I complained a few days ago that politics is rather tame these days, the few people prepared to stand up for what they believe in. Nailing your colours to the mast if you will.

Here is a fragment of an article by Donald Soper that appeared in Tribune, a left wing British newspaper in the 1950s. It happens to be about one of the anti-nuclear marches to Aldermaston, the British atomic weapons research establishment, but it speaks loudly to anyone, left or right, involved in campaigning for their cause, whatever it may be.

As I think of the Aldermaston march, I am reminded of the paradox that there is nothing so contemporary as the past.

One of the first bits of human writing scratched on a stone dug out of the sands of the Middle East reads: 'What a world we live in, children no longer obey their parents  and everybody wants to write a book';  and that sounds up to date enough for anybody, though it is probably twenty thousand years old. [it is normally a quote attributed to Cicero, a Roman statesman and philosopher 106-35 BC  - bushytailedfox]

Whatever our early forefathers did about the situation thus described, it is reasonably certain that some of them got together in the open air, marched somewhere, and ended up with a demonstration at a shrine or other appropriate and significant spot.

This kind of public witness is as old as the hills and is still potentially the most effective means of expressing and stimulating public opinion.

It provides a real though partial answer - if only by adding legs to ideas - to those who feel the irresistible urge to do something more than to  register a conviction.
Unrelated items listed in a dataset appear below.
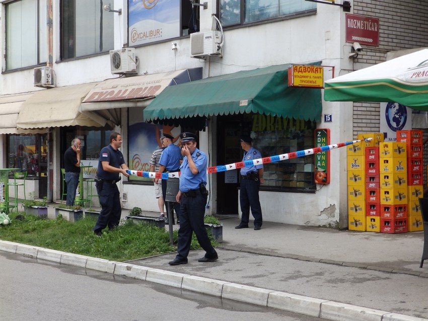 Kako smo saznali od očevidaca koji su sedeli u bašti obližnjeg kafića, crveni „mini moris“ se zaustavio tik uz baštu i dvojica mladića su ušla u prodavnicu.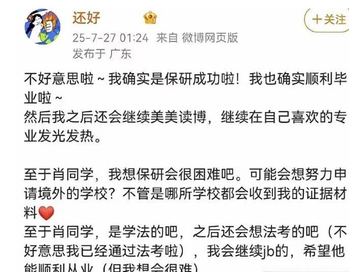 “杀人诛心!”武大图书馆性骚扰事件,上一秒法院判决男生无罪,下一秒女主就发帖炫耀自己保研成功!还冷嘲热讽地说男生没有保研资格!她毁了一个男生的一辈子,却还沾沾自喜,可惜我们一贯的思维,就是谁闹谁有理! 还记得2023年那起武大性骚扰事件吗? 如今2025年7月,法院一纸无罪判决,本该是男生肖某迟到两年的清白书,却成了一纸戳破现实残酷的证明。 经过漫长煎熬,性骚扰的指控终于被彻底推翻。 这一切的起因,源自2023年夏天武汉大学图书馆里的一场误会。 那天,肖某在图书馆自习,正因为特应性皮炎发作,瘙痒得难以忍受。他忍不住隔着裤子抓了抓裆部,试图缓解一些不适。然而,这个看似再普通不过的举动,却被坐在对面桌的杨某媛看在眼里。 杨某媛当时并没有直接与肖某沟通,也没有当面指责,而是默默地掏出手机,悄悄地录下了这段视频。 几分钟后,肖某并没有意识到自己已被偷拍,继续沉浸在自己解痒的动作中。杨某媛从她的角度看,这一行为显得尤为敏感,她断定肖某是在进行性骚扰,甚至将其称为“自慰”。 这种误解却没有任何沟通解决的机会。 事后,杨某媛并没有寻求图书馆工作人员的帮助,也没有向肖某提出任何质疑。 她直接将视频上传到社交媒体,发表了对肖某的指控,并要求他写下道歉信。 肖某当时并未理解事情的严重性,他拿出了自己的病历和药物购买记录,试图解释自己并无不当行为,只是因皮肤病发作而产生了不适。 杨某媛并不理会这些证据,依旧坚持自己的看法。 不久后,杨某媛将视频和道歉信一同发布到网络上,立刻引起了广泛关注。因为视频剪辑过度,掐头去尾的内容更让人产生了误解,肖某被迅速推向了舆论的风口浪尖。网络暴力随之而来,肖某不仅遭到恶意攻击,甚至连家人也未能幸免。他的照片被恶意PS成了“遗像”,个人信息被疯狂扒出,家人被人造谣中伤,甚至连年迈的爷爷都在承受不住巨大的压力下去世。 肖某被迫辞去了学校的课程,进入了医院治疗,他被诊断为重度创伤后应激障碍(PTSD)。父母本打算退休安享晚年,但为了支撑巨额医疗费用,他们不得不延迟退休,四处打工。由于肖某的状况,他们家的经济状况也因此变得越来越困难,背上了沉重的债务。 最让肖某心寒的,还是在事件尚未明朗,法院还未作出判决时,武大就先行决定给他记过,并取消了他原本可以获得的保研资格。 这一决定让他彻底丧失了继续深造的机会,也让他更加感到自己像是被整个社会遗弃。 两年后,法院的判决终于来了,肖某无罪。 令人意外的是,尽管杨某媛的行为导致了肖某的生活被彻底摧毁,最终的判决结果却没有对她造成任何实质性的影响。 她依然顺利地通过了法学院的保研,并且通过了法考,继续朝着自己的人生目标前进。 甚至,她还收到了香港浸会大学的博士录取通知书,似乎一切如她所愿,学业和未来都一片光明。 令人愤慨的是,杨某媛对这段过往没有丝毫愧疚之心。 她在社交平台上频频高调展示自己的学术成就,尽管从法律和道德层面来看,她并没有为自己曾经犯下的错误负责。 对于判决结果和自己恶意诬告的行为,她从未提起过一句道歉或反思的话语。 相反,杨某媛似乎对自己曾经做过的事情并不感到后悔,甚至有些得意。 她在社交媒体上发表的言论时常带有阴阳怪气的语气,暗示肖某当初遭遇的事情不过是“他自己的问题”,而她依然能在生活和学业上取得如此“出色”的成绩,似乎在无形中再次“嘲笑”肖某的遭遇。 她的这种做法让人不禁感到寒心,肖某和他的家人依然在经历着创伤和经济困境,而杨某媛却似乎完全没有意识到自己所造成的深远影响。 她的“成功”背后,是他人的痛苦与失落,却没有一点反思或忏悔。 她的行为不仅令人失望,更让人对社会的公正和对受害者的保护产生了质疑。 肖某的清白,法律已经给予,但他被毁掉的人生,还需要社会更彻底的“照亮”与弥补。 信源:凤凰网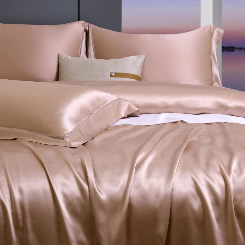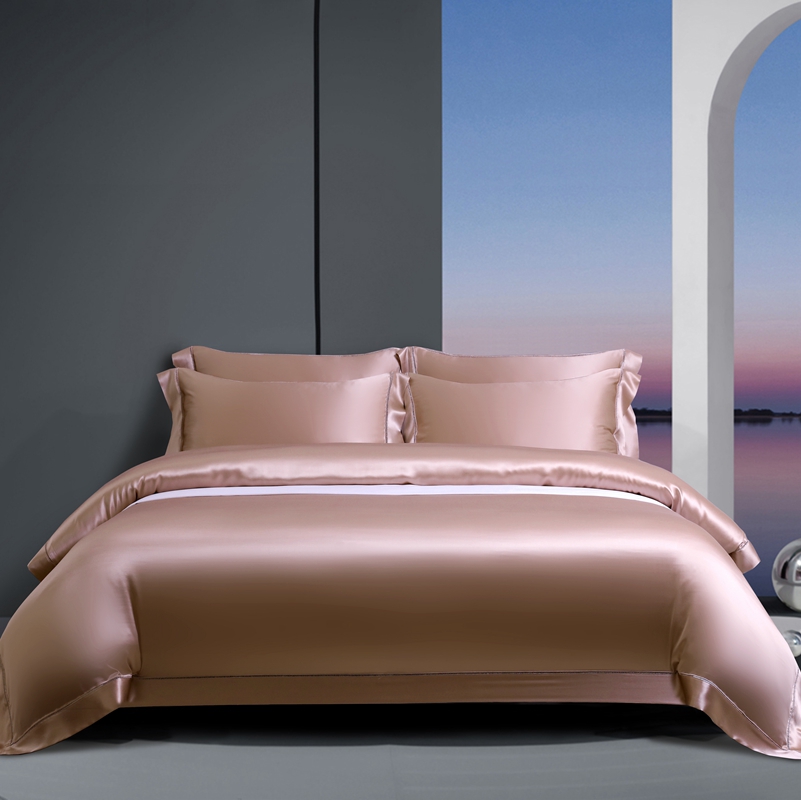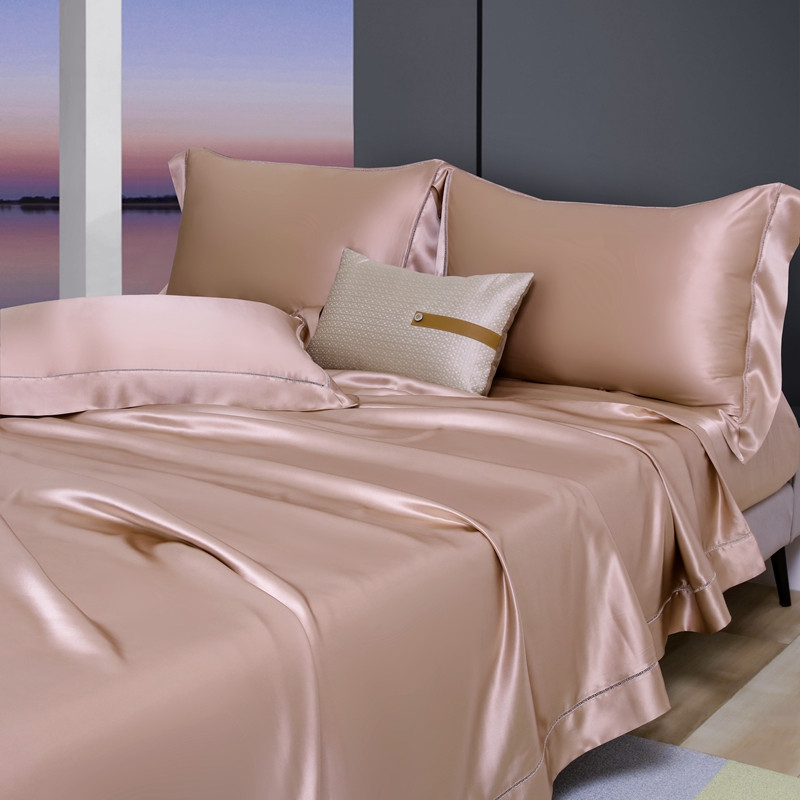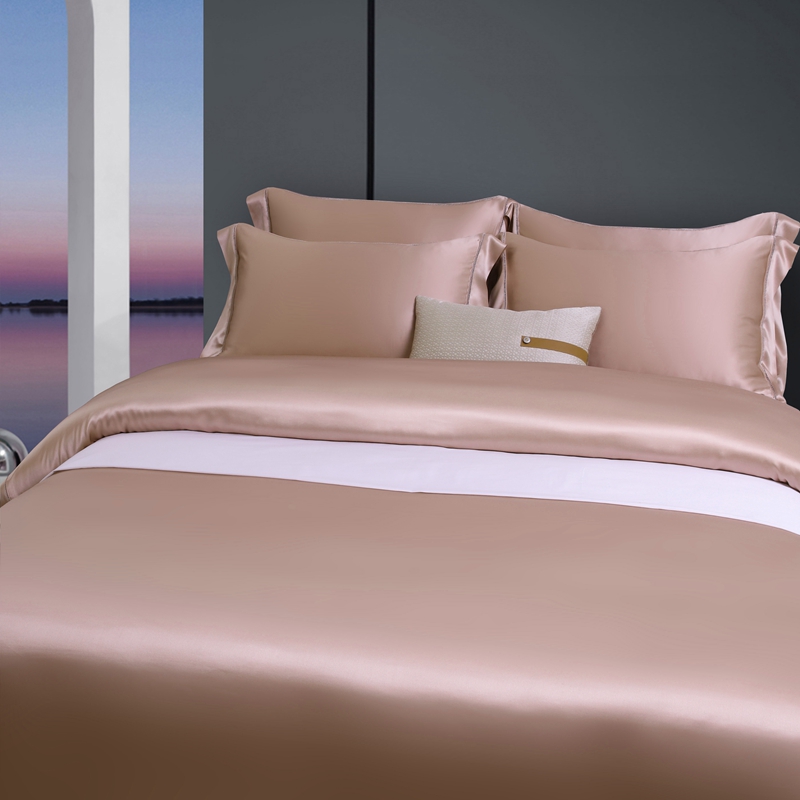 商品名称:晋瑞红顶鹅绒馆新款纯色全真丝工艺款四件套 胭脂粉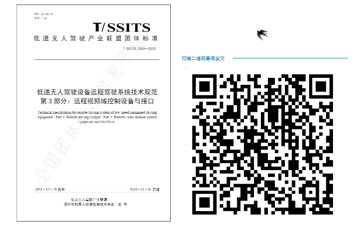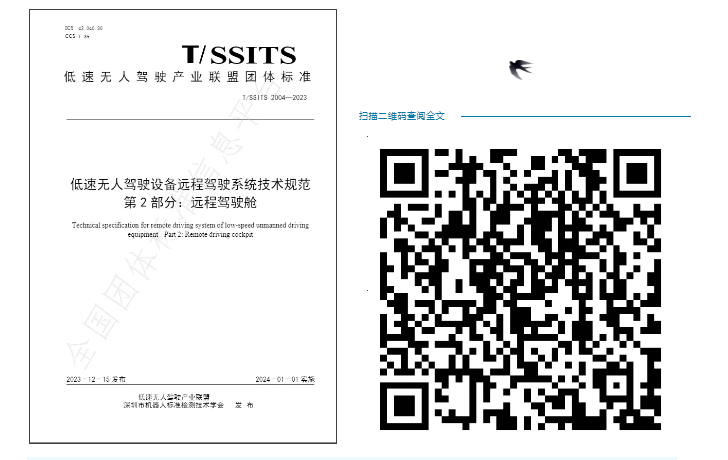 《低速無人駕駛設備遠程駕駛系統技術規范團體標準第1部分:總則》規定了低速無人駕駛設備遠程駕駛系統的術語和定義、系統架構、功能要求、安全行駛要求、數據及信道加密要求、開放道路視頻數據存儲安全性與合格性等。本文件適用于具備全流程自動化行駛和作業的低速無人駕駛設備。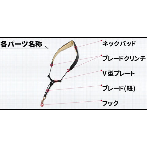 V型プレートが首元の圧迫をふせぐ多機能ストラップ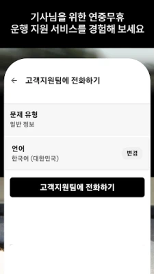 국내 최고의 내비게이션 서비스 TMAP 기반의 길 안내로 언제나 가장 빠르고 정확한 경로를 제시합니다. 목적지까지의 최적 이동 거리와 예상 소요 시간을 미리 파악하여 더욱 안정적인 운행을 지원하며, 승객에게도 신뢰를 더할 수 있습니다. 운행 중 궁금하거나 도움이 필요할 때, 우버 기사님 고객센터는 연중무휴 상시 대기하며 기사님의 모든 여정에 든든한 지원군이 되어 드립니다. 언제든 편안하게 문의하시고 최상의 서비스를 경험하세요.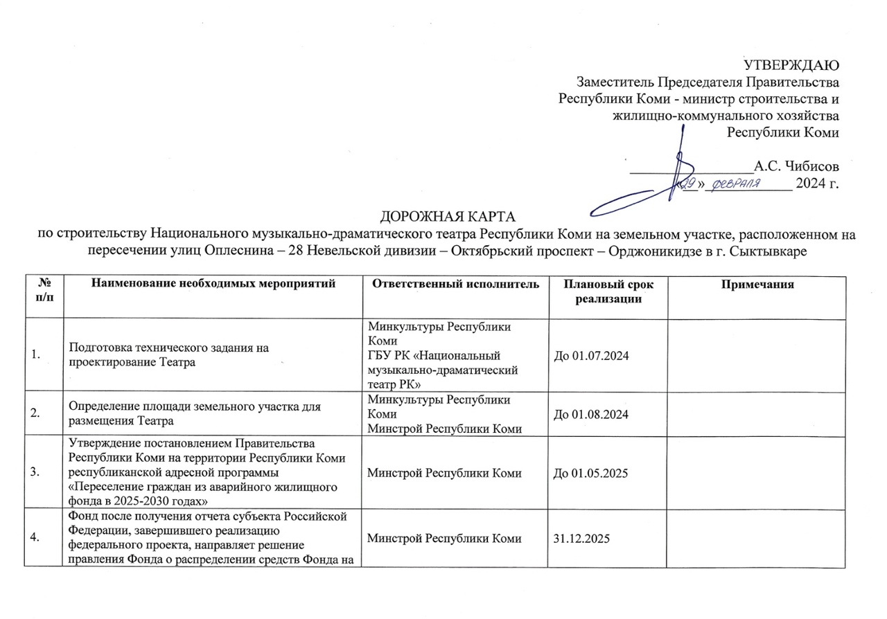 Публикуем дорожную карту строительства ( Дорожная карта-коми театр 2024 ), утвержденную заместителем Председателя Правительства РК - министром строительства и жилищно-коммунального хозяйства РК Чибисовым А.С. В дальнейшем будем вместе контролировать ход исполнения данной дорожной карты. Надеемся, что сроки исполнения по отдельным направлениям удастся проводить с опережением установленного графика.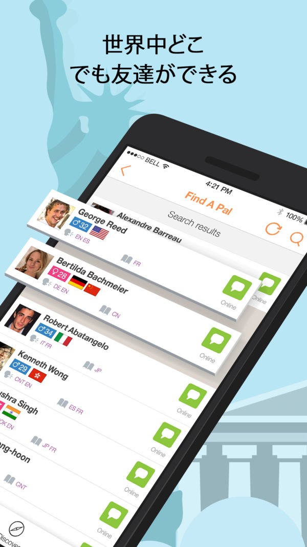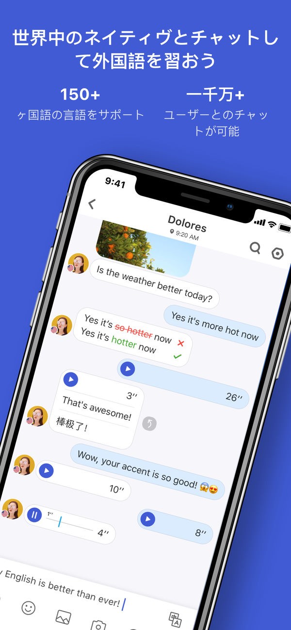 世界50万人以上の人とチャットをしながら語学が学べるアプリです。英語や日本語をはじめ16か国語で登録することができます。音声データを投稿できるので、ネイティブスピーカーからその場で発音をチェックしてもらえるのが特徴。チャットには自動翻訳機能もついているので、語学力に自信がなくてもしっかりとサポートしてもらえます。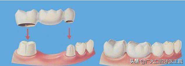 2、相对便宜的固定桥修复,这种不会变形,也耐磨,颜色也稳定不容易变色,就是需要磨除两边的邻牙作为“桥墩”来固定缺失牙部位。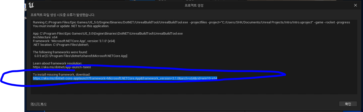 Unreal A fatal error occurred. The required library hostfxr.dll could not be found. 문제 해결 방법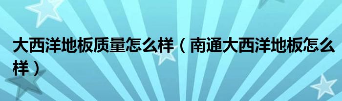大西洋地板质量怎么样(南通大西洋地板怎么样)

It breaks through the 'public meeting' barrier and communicates its message to those who seem totally impervious to the appeal to assemble together indoors...

It 'confirms the feeble knees' of those who are weak in the faith by giving them the exhilaration of a public witness to the convictions.

The marcher is a marked man. He has nailed his colours to a mast that is plainly visible. To put it exactly in Miltonic words, the virtue of those who go in processions is no longer 'unexercised and unbreathed'.